If a doubling of the resources results in either an ability to double the demand or double the performance, the system is scalable (scalability = 1).
When a system can scale perfectly, this is referred to as linear scaling (because the performance/demand increases in a linear relationship with resources). Linear scaling is sometimes also informally known as being ‘embarrassingly parallel’: i.e., the parallel computation is almost ‘embarrassingly easy’.
If a doubling of the resources results in no improvement to the system’s performance or ability to handle demand, then it is not scalable.
In the more common middle ground, a doubling of resources is likely to increase performance or potential demand by a smaller amount. Whether this is a 10% increase, a 50% increase or a 90% increase gives a sense of the system’s scalability.
Vertical vs horizontal scaling
Scalability does not always mean adding additional servers (horizontal scaling or scale-out).
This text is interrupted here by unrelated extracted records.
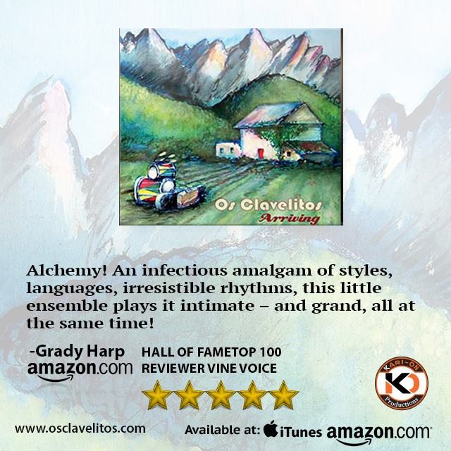 "shimmering debut release * Os Clavelitos - ARRIVING: A most fitting title for this shimmering debut release from this six-piece ensemble based in NYC...all-original compositions with the music of Brazil forming the basis for their high-energy tuneage! If you're not inspired (& maybe dancing) as you listen to the oddly-titled "Tom Cruise Samba", then you already have one foot (or maybe both of them) in the grave, lol...I give this high-energy group a MOST HIGHLY RECOMMENDED, with an "EQ" (energy quotient) rating of 4.97"
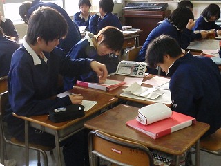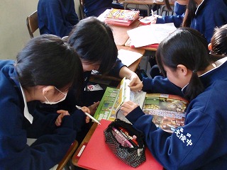 12月15日(月)の5,6校時、2年生が修学旅行の準備に取りかかりました。今日のこの時間の目標は「きずな学習の訪問先を探すこと」です。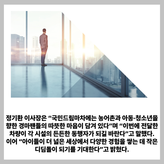 [프라임경제] 한국마사회 사회공헌재단(이사장 정기환)이 농어촌 아동·청소년의 발이 될 이동지원 차량을 추가로 지원했다고 27일 밝혔다.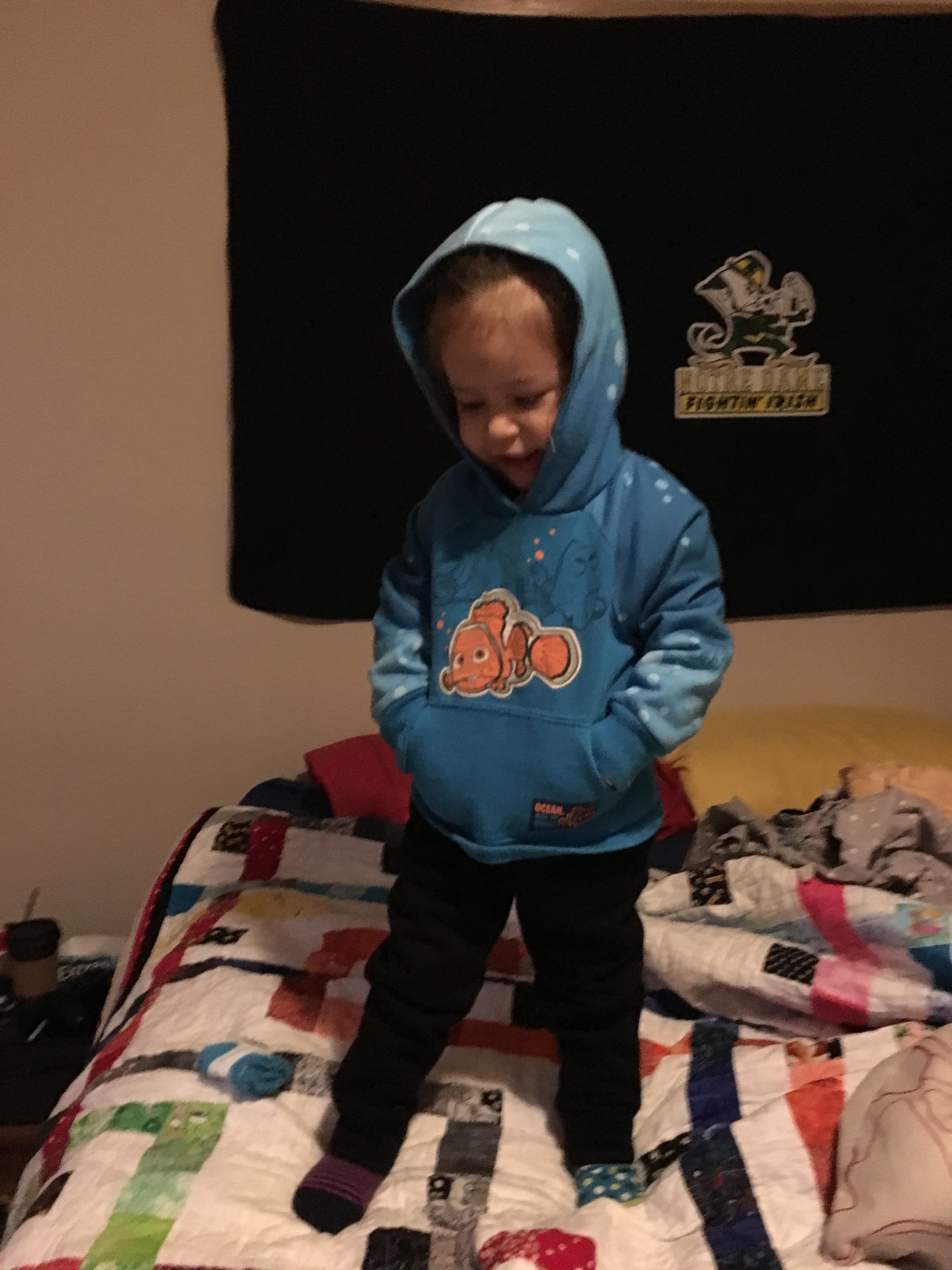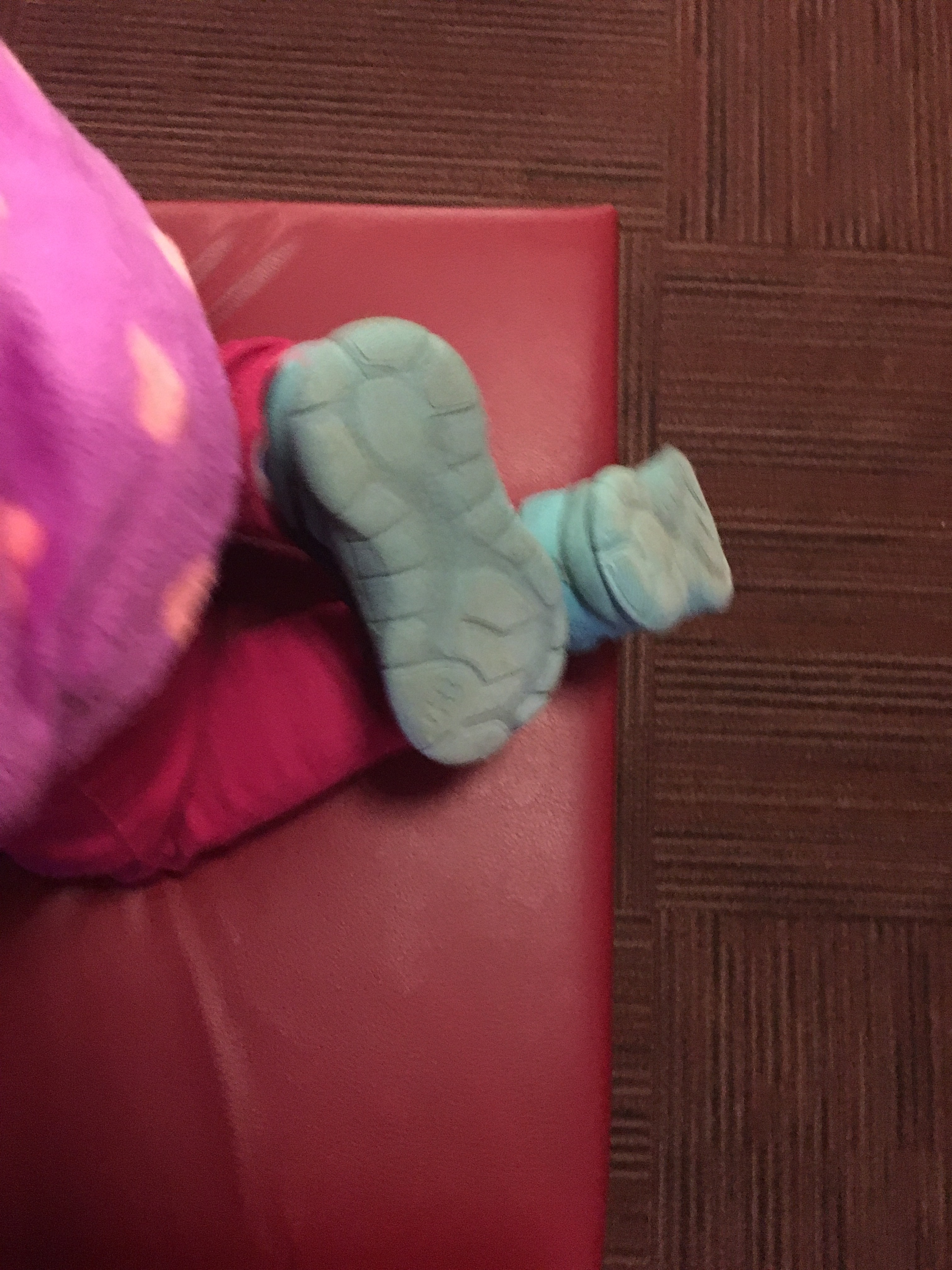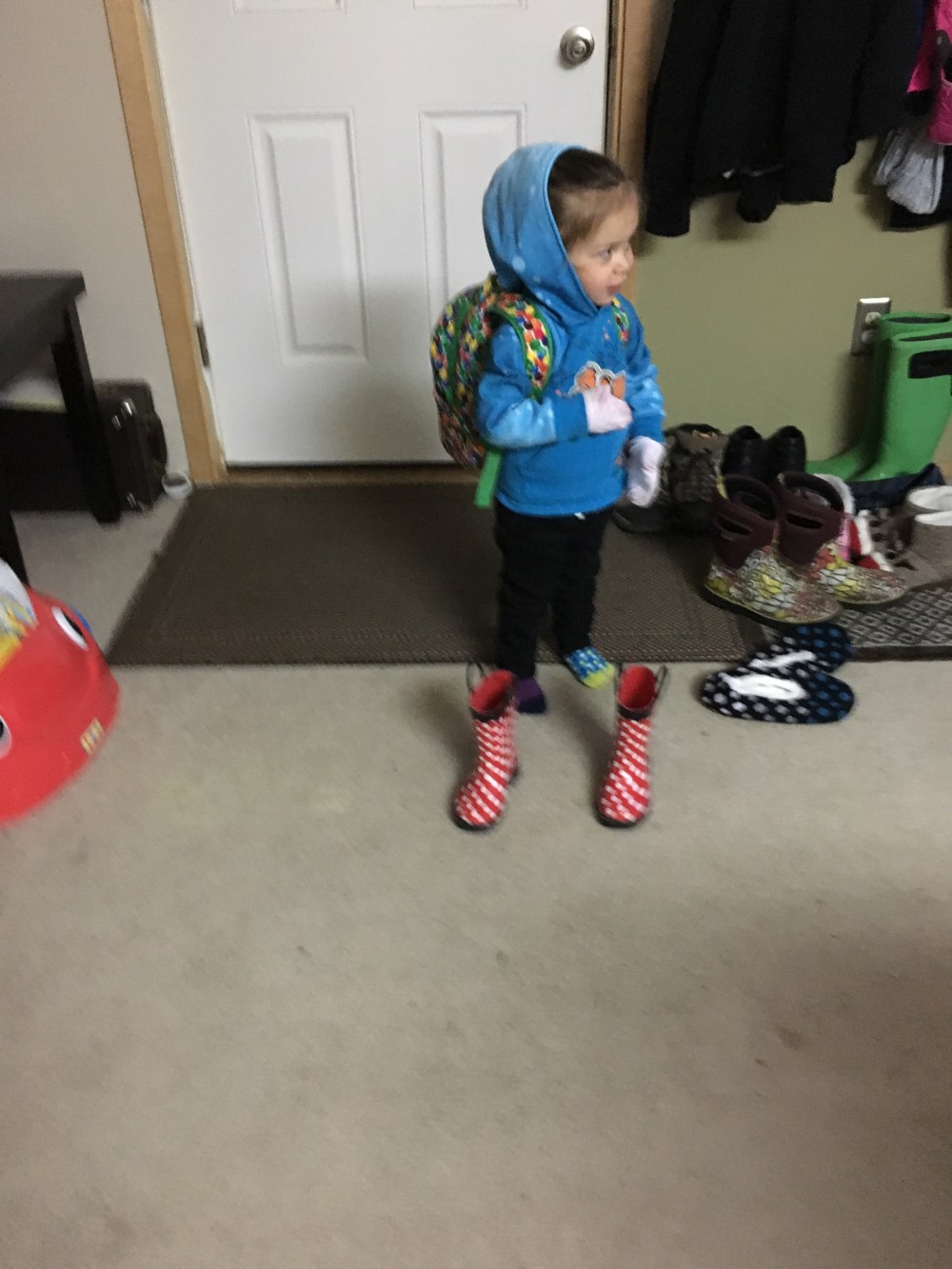 BB’s been on a kick wearing socks on her hands as mitten socks. She picks out a pair for her feet and a pair for her hands!

Resources can be added directly to individual servers (vertical scaling or scale-up). For example, doubling the amount of RAM or disk space on a server can often increase performance.
Like all design decisions, there will be a trade-off between these two approaches. Adding additional servers (horizontal scaling) may increase complexity and communication overheads. Upgrading an existing server may be cheaper or easier in the short-term but it will perpetuate a single point of failure.
Building for scalability
It is not easy to build systems that scale. It requires careful planning and design. This effort may slow down the implementation of end-user functionality.
However, the effort involved in scaling may never be needed: the system might never become popular enough to require more than a single server.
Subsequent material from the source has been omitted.